Low energy excitations and dynamic Dzyaloshinskii-Moriya interaction in $\alpha'$-NaV$_2$O$_5$ studied by far infrared spectroscopy

TL;DR

This study investigates low energy excitations in alpha'-NaV2O5 using far infrared spectroscopy, revealing magnetic field effects, zone-folded phonons, and two dynamic Dzyaloshinskii-Moriya mechanisms that enable forbidden transitions.

Contribution

The paper identifies two distinct dynamic Dzyaloshinskii-Moriya mechanisms contributing to singlet-triplet transitions in alpha'-NaV2O5, expanding understanding of spin-phonon interactions.

Findings

Magnetic field splits the triplet excitation at 65.4cm-1.

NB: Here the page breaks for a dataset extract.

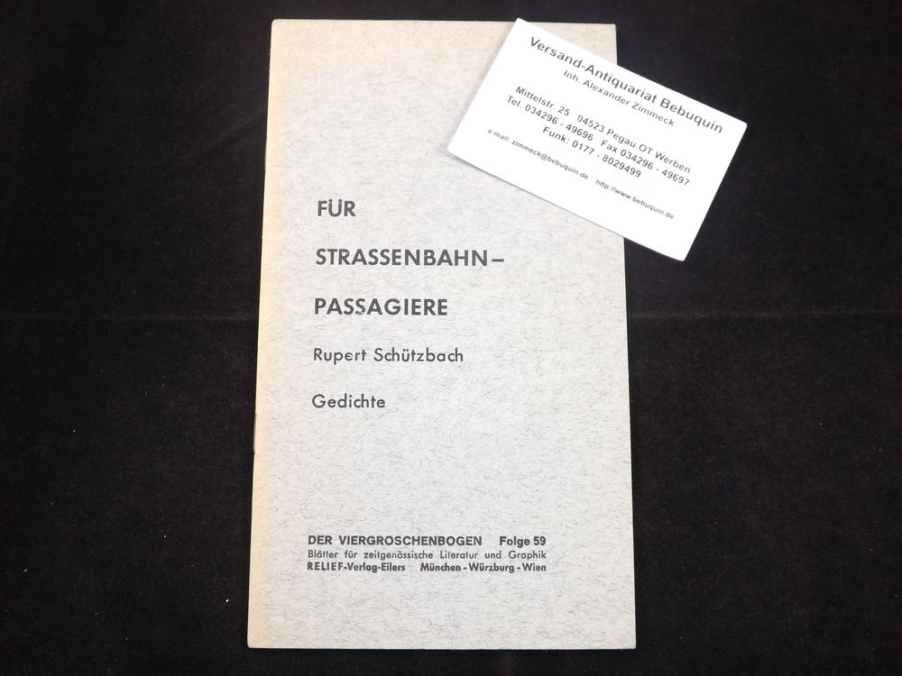 SCHÜTZBACH, Rupert: Für Straßenbahn-Passagiere. Gedichte. München (Relief), 1965. 12 S. OKart. = Viergroschenbogen Folge 59. EA des Erstlings mit eigenhändiger, datierter Widmung auf Vorsatz.

The spin gap remains field-independent up to 33T.

Dynamic DM interactions enable otherwise forbidden singlet-triplet transitions.

Abstract

We have studied far infrared transmission spectra of alpha'-NaV2O5 between 3 and 200cm-1 in polarizations of incident light parallel to a, b, and c crystallographic axes in magnetic fields up to 33T. The triplet origin of an excitation at 65.4cm-1 is revealed by splitting in the magnetic field. The magnitude of the spin gap at low temperatures is found to be magnetic field independent at least up to 33T. All other infrared-active transitions appearing below Tc are ascribed to zone-folded phonons. Two different dynamic Dzyaloshinskii-Moriya (DM) mechanisms have been discovered that contribute to the oscillator strength of the otherwise forbidden singlet to triplet transition. 1. The strongest singlet to triplet transition is an electric dipole transition where the polarization of the incident light's electric field is parallel to the ladder rungs, and is allowed by the dynamic DM interaction created by a high frequency optical a-axis phonon. 2. In the incident light polarization perpendicular to the ladder planes an enhancement of the singlet to triplet transition is observed when the applied magnetic field shifts the singlet to triplet resonance frequency to match the 68cm-1 c-axis phonon energy. The origin of this mechanism is the dynamic DM interaction created by the 68cm-1 c-axis optical phonon. The strength of the dynamic DM is calculated for both mechanisms using the presented theory.